Q4 2021 Earnings Conference Call

2/24/2022

spk00: Welcome to the LaMate Vascular Q4 2021 Financial Results Conference Call. As a reminder, today's call is being recorded. At this time, I would like to turn the call over to Mr. J.J. Pellegrino, Chief Financial Officer of LaMate Vascular. Please go ahead, sir.
spk07: Thank you, Vanessa. Good afternoon, and thank you for joining us on our Q4 2021 Conference Call. With me on today's call are our chairman and CEO, George LeMaitre, and our president, Dave Roberts. Before we begin, I'll read our safe harbor statement. Today, we will make some forward-looking statements within the meaning of the U.S. Private Securities Litigation Reform Act of 1995, the accuracy of which is subject to risk and uncertainties.
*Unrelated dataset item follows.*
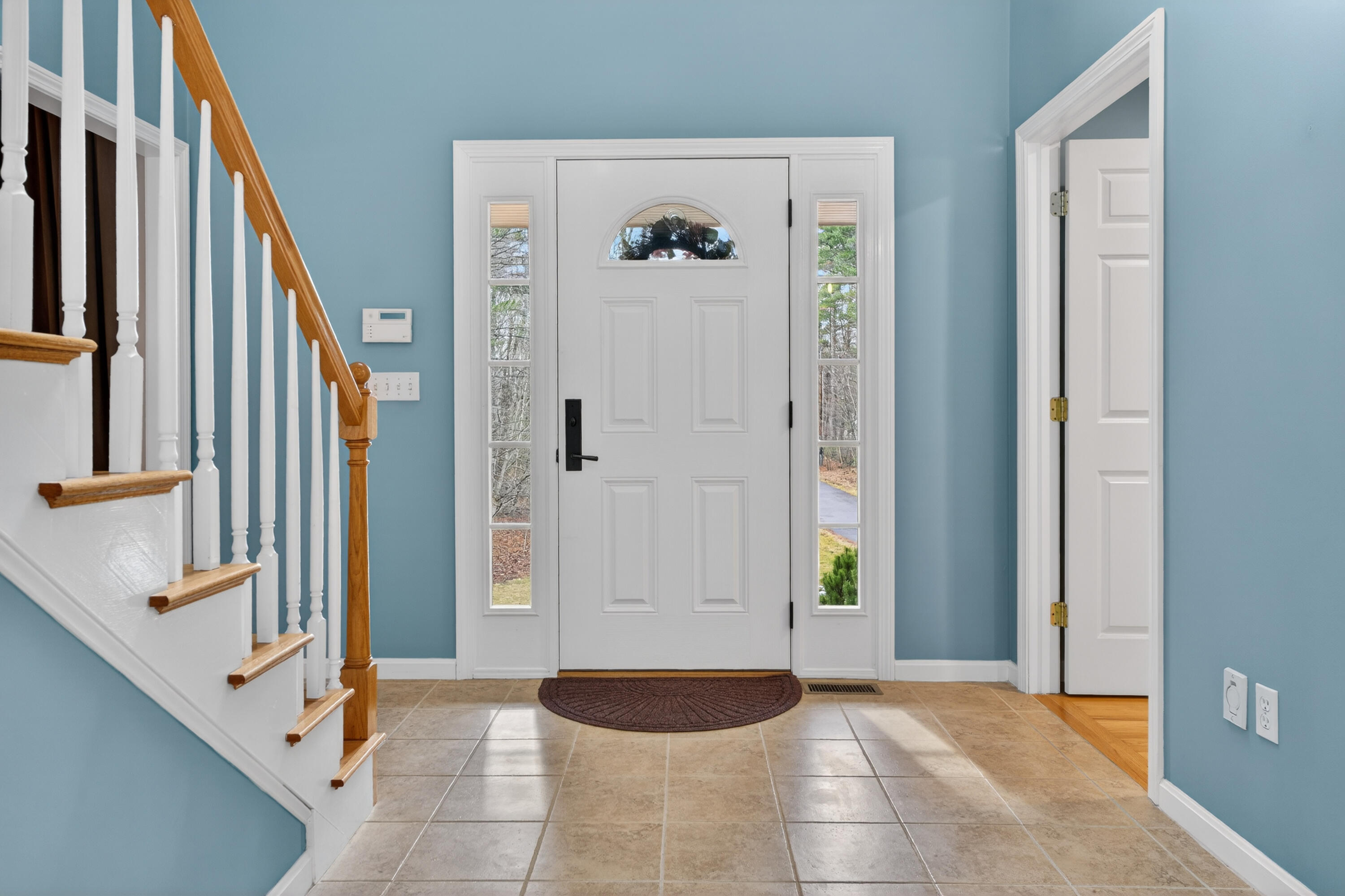 Set on 1.4 acres in Eliot and located within the well-regarded Marshwood School District, this thoughtfully designed Cape offers space, flexibility, and efficiency just minutes from Route 95, Kittery Foreside, and Portsmouth.Set back from the road, the property provides privacy and a quiet, tranquil setting, with a level backyard ideal for outdoor enjoyment or entertaining. A full-length farmer's porch leads into a grand foyer with soaring ceilings and an open staircase.The first floor offers excellent versatility with a spacious room for a home office, den, or potential bedroom, along with a formal dining room, first-floor laundry, and a convenient half bath. The eat-in kitchen with new propane stove flows into a central hub workspace with ample cabinetry and opens to a dramatic great room with 18-foot ceilings and abundant natural light. Two sets of sliders lead to an expansive AZEK deck.Upstairs are three bedrooms, including a primary suite with walk-in closet, jacuzzi tub, and separate shower, plus a second full bath. The walk-out lower level includes approximately 322 sq ft of finished space with a fireplace and offers potential for extended living or guest space, with plumbing in place for a future full bath.Energy-efficient features include geothermal heating and cooling, solar electric, and solar hot water for long-term savings and low-maintenance living. Additional highlights include cedar clapboard siding, architectural shingles, updated flooring, and a repaved driveway.Ideally located near beaches, recreation, and Portsmouth's dining and shopping. Scheduled Showings begin Thursday 4/9. Open Houses Thurs 4/9 4-6, Friday 4-6, and Saturday 10-12

Wherever possible, we will try to identify those forward-looking statements by using words such as believe, expect, anticipate, pursue, forecast, and similar expressions. Our forward-looking statements are based on our estimates and assumptions as of today, February 24, 2022, and should not be relied upon as representing our estimates or views on any subsequent date. Please refer to the cautionary statement regarding forward-looking information and the risk factors in our most recent 10-K and subsequent SEC filings, including disclosure of the factors that could cause results to differ materially from those expressed or implied. During this call, we will discuss non-GAAP financial measures, which include EBITDA and organic sales growth. A reconciliation of GAAP to non-GAAP measures discussed in this call is contained in the associated press release and is available in the investor relations section of our website, www.lomate.com. I'll now turn the call over to George Lomate.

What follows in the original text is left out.